Overall, the above studies have not examined the determinants of interest of eNaira and financial inclusion information. This paper fills this gap in the literature.

3. Methodology

Weekly data for Nigeria were extracted from Google Trends database. The description of the data is shown in Table 1. The Google Trends data measures the interest over time or the popularity of specific keywords on the Internet at a specific location and over a time period. The sample period for this study covers a 42-week period beginning from 25th October 2021 to 15th August 2022. The sample period spans from the day the eNaira central bank digital currency was launched (25th October 2021) until mid-August in 2022. Interest over time data for Nigeria were extracted for five variables from Google Trends database. To obtain the data, I inserted the keywords “eNaira”‘, “financial inclusion”, “Fintech”, “CBDC” and “cryptocurrency” into the search box in the Google Trends database one at a time, and the resulting data are the EN, FN, FINTECH, CBDC and CRYPTO variables, respectively. The first variable is the “EN” variable which measures the interest in Internet information about the eNaira. The second variable is the “FN” variable which measures the interest in Internet information about financial inclusion. The third variable is the “FINTECH” variable which measures the interest in Internet information about FinTech. The fourth variable is the “CBDC” variable which measures the interest in Internet information about central bank digital currency. The fifth variable is the “CRYPTO” variable which measures the interest in Internet information about cryptocurrency. The data output from the Google Trends database are numbers, also known as popularity count, ranging from 0 to 100. These numbers represent interest in a keyword relative to the highest point on the scale for the given location, region and time. The numbers capture the relative popularity of a keyword. A count of 50 means that interest in the keyword is half as popular. A count of 100 means that interest in the keyword was highly popular and reached the peak popularity for the term. A score of 0 means that there was not enough data for the search term. The data were analyzed using descriptive statistics, correlation analysis, ordinary least squares (OLS) regression, the generalized methods of moments (GMM) regression and the two-stage least squares (2SLS) regression methods.

4. Empirical results

4.1 Descriptive statistics and correlation

Table 2 reports the descriptive statistics. The descriptive statistics in Table 2 shows that interest in financial inclusion information (with a score of 24) was higher than interest in eNaira information (with a score of 16.6) during the period.

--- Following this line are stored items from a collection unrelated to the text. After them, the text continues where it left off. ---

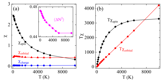 通过DFT+DMFT计算,在双层La3Ni2O7中高自旋组态具有较大的权重;通过对虚时自旋关联函数的分析,发现体系在高温处于自旋冻结相,低温下则表现为相干费米液体;自旋磁化率在高温情况下展示出 Curie-Weiss 行为,而轨道磁化率则保持 Pauli 顺磁行为。这些结果说明La3Ni2O7时一种典型的Hund金属,为RP镍基超导的机理提供了重要的理论参考。
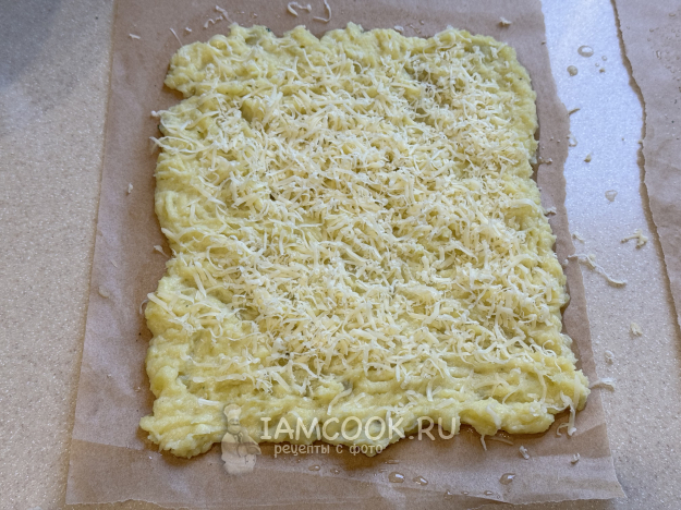 Сыр натереть на мелкой терке и присыпать им картофельную массу.
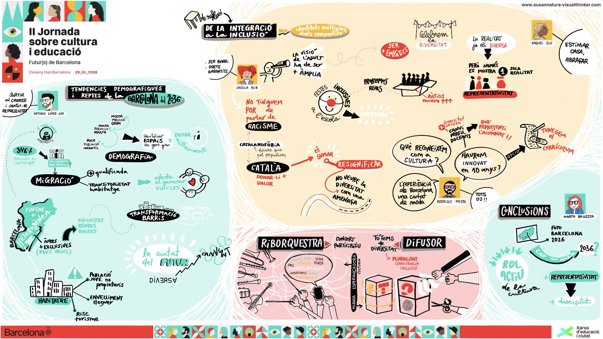 La Susanna té un do. Ha sabut captar a la perfecció l'essència de la II Jornada sobre cultura i educació, en directe, i plasmar les idees principals i les relacions entre elles amb el seu art tant original i captivador. Des de la Xarxa d'educació i ciutat, va ser un encert total comptar amb ella per fer la relatoria gràfica de la Jornada, tant pel procés, com pel resultat i l'impacte aconseguit en el públic. A més, el tracte amb ella ha estat amable, proper, honest i autèntic. Moltes gràcies!
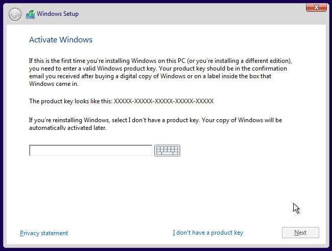 - यदि आपने पहले कभी इस कंप्यूटर पर विंडोज 10 स्थापित और सक्रिय नहीं किया है, तो आप सक्रियण स्क्रीन देखेंगे। यहां अपनी विंडोज 10 कुंजी दर्ज करें। यदि आपके पास एक नहीं है, लेकिन आपके पास 7, 8 या 8.1 कुंजी है, तो इसके बजाय यहां दर्ज करें।
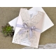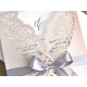Invitatie de nunta eleganta compusa dintr-un carton alb cu text, un carton exterior cu model dantelat taiat la laser si accesorizata cu o fundita mov. Plicul de culoare alba este inclus in pret.
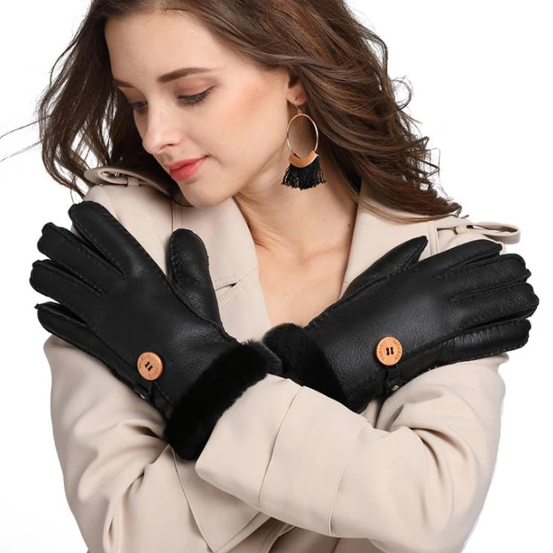 2021 теплые зимние перчатки из натуральной кожи перчатки из козьей кожи утолщенные варежки из овечьего меха перчатки для тренировок высококачественные женские перчатки
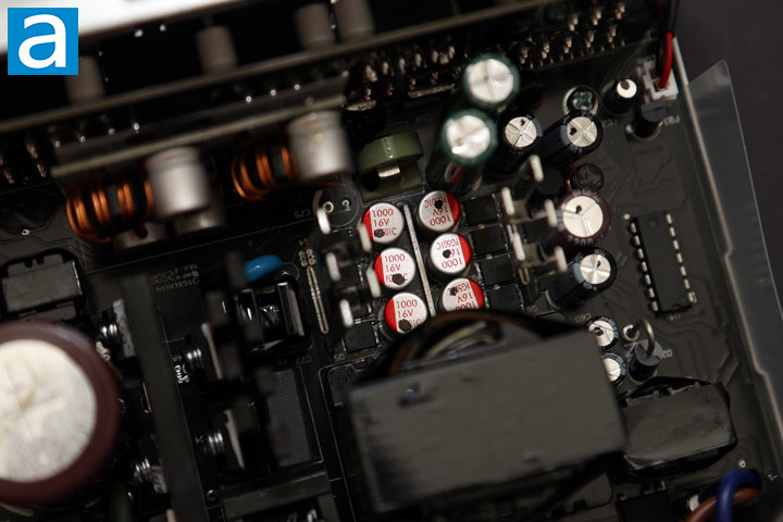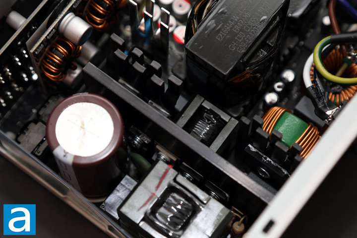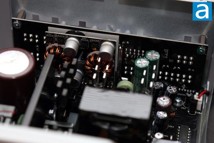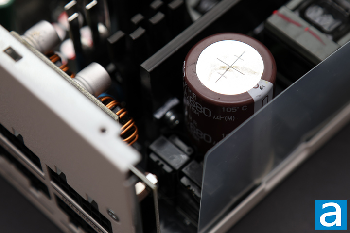 On the primary side, there is one Japanese-made Nippon Chemi Con KMR capacitor. It is rated for 680µF x 400V. It is rated at 105c, whereas more value-oriented power supplies often use 85c rated capacitors. The active PFC circuit featured on the SilverStone Triton 1000Rz 1000W uses two Diodes Incorporated GBU1006 bridge rectifiers on one side of the large primary heatsink. At 115V, the maximum rectified forward current capacity with heatsink is 10A each, so you can theoretically pull up to 2300W (10A * two diodes * 115V) from the bridge rectifier at 100% efficiency. Of course, this is limited by the fact that it is not 100% efficient and neglects the fact that not every component in the system is able to keep up.
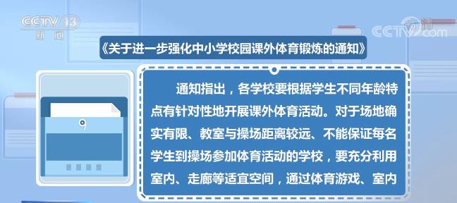 通知指出,各学校要根据学生不同年龄特点有针对性地开展课外体育活动。对于场地确实有限、教室与操场距离较远、不能保证每名学生到操场参加体育活动的学校,要充分利用室内、走廊等适宜空间,通过体育游戏、室内操等方式,丰富课外体育活动内容,增强体育活动的趣味性,确保所有学生都“动起来”,享受体育活动带来的乐趣。
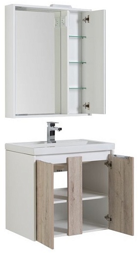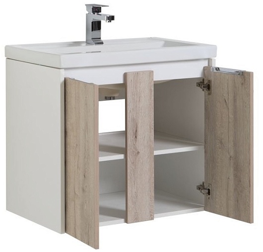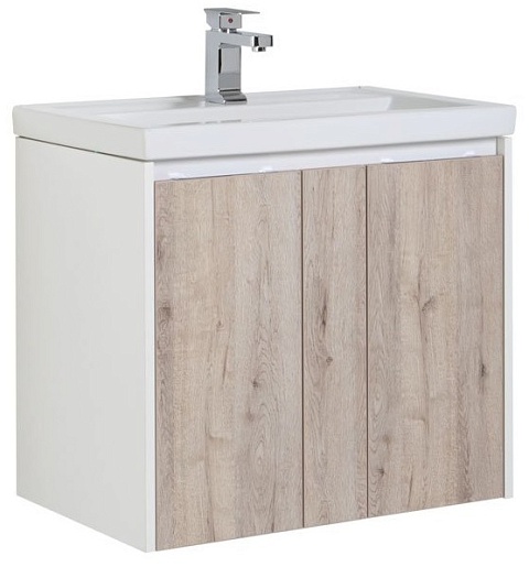 Тумба: Aquanet Клио 70, цвет дуб кантри/белый, 2 распашных дверцы (195721)
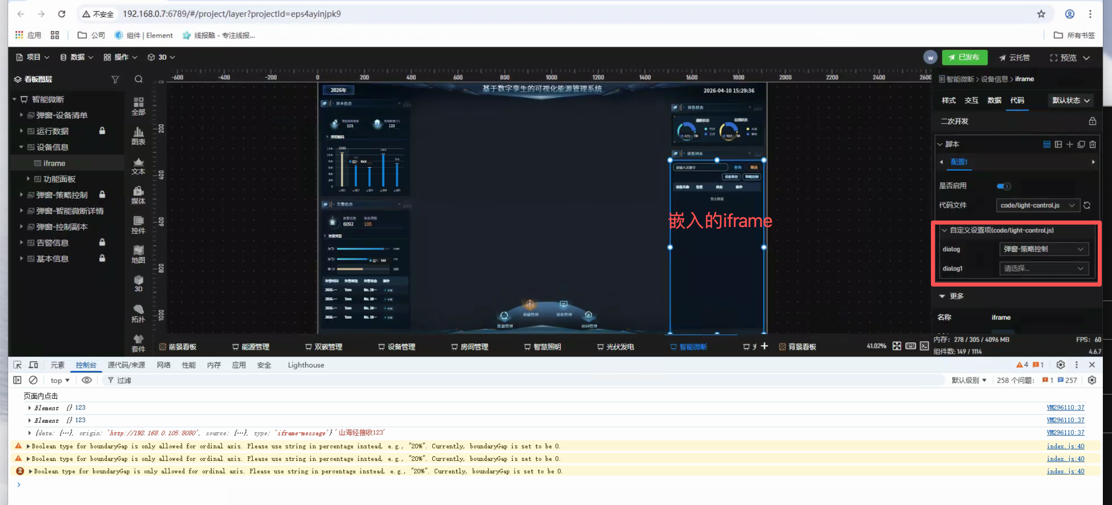 可以用二开交互控制弹窗打开关闭。参考此教程:iFrame嵌入开发 - 开发教程 - 数字孪生开发教程-可视化大屏制作教程 - 山海鲸可视化;二开与交互通信 - 开发教程 - 数字孪生开发教程-可视化大屏制作教程 - 山海鲸可视化。

However, interest in cryptocurrency information was higher than interest in financial inclusion and eNaira information. Notwithstanding, interest in FinTech information was higher than interest in eNaira, cryptocurrency and financial inclusion information during the period.

The Pearson correlation result is reported in Table 3. The correlation result shows that there is a significant positive correlation between the FINTECH variable and the FN variable. This suggests that interest in FinTech information is correlated with interest in financial inclusion information. Also, there is a significant positive correlation between the EN and CBDC variables and between the EN and CRYPTO variables. The two results suggest that interest in eNaira information is significant and positively correlated with interest in central bank digital currency and FinTech information. Finally, the values of the correlation coefficients are low which suggests that multi-collinearity is not a problem in the analysis. Also, the Augmented Dicky–Fuller (ADF) unit root test result reported in Appendix 1 shows that the EN, FN, CBDC and FINTECH variables are all stationary while the CRYPTO variable is nonstationary.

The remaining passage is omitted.